Leading the nascent urban park movement, in 1868, Olmsted and Vaux prepared the initial proposal for parks and parkways in Buffalo. It was the first plan for an interconnected park system to be implemented by an American city. Other places that sought the partners’ advice during the years after the war were Albany, NY; Newark, NJ; and Chicago and Riverside, IL. The latter is regarded as the country’s first major suburban residential community.

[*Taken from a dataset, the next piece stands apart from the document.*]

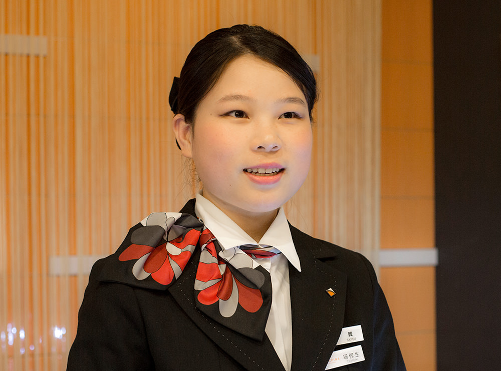 専門学校では主に観光・レジャービジネスを学んでおり、当初は観光業での就職を考えていました。しかし近年日本へ訪れる中国人観光客が激増しており、最近では旅行会社のツアーではなく自分で計画を立てる個人旅行が増えている傾向があることから、お客様と接する機会が多いホテルで働きたいと思うようになりました。何よりも自分の母国語を最大限にいかすことができます。

Along with landscape projects with Olmsted, Vaux pursued a parallel career as an architect. He designed many houses that displayed sensitive rapport with nature, including the home and studio of the painter Jervis McEntee, who was his brother-in-law. Most of his early works of this type appeared in his book Villas and Cottages, which came out in 1857. Vaux was also responsible for bridges and other structures that embellished Central Park and other urban parks that he and Olmsted laid out. Bethesda Terrace in Central Park is his most well-known park structure. He also authored imaginative architectural features in Prospect Park and the Buffalo parks.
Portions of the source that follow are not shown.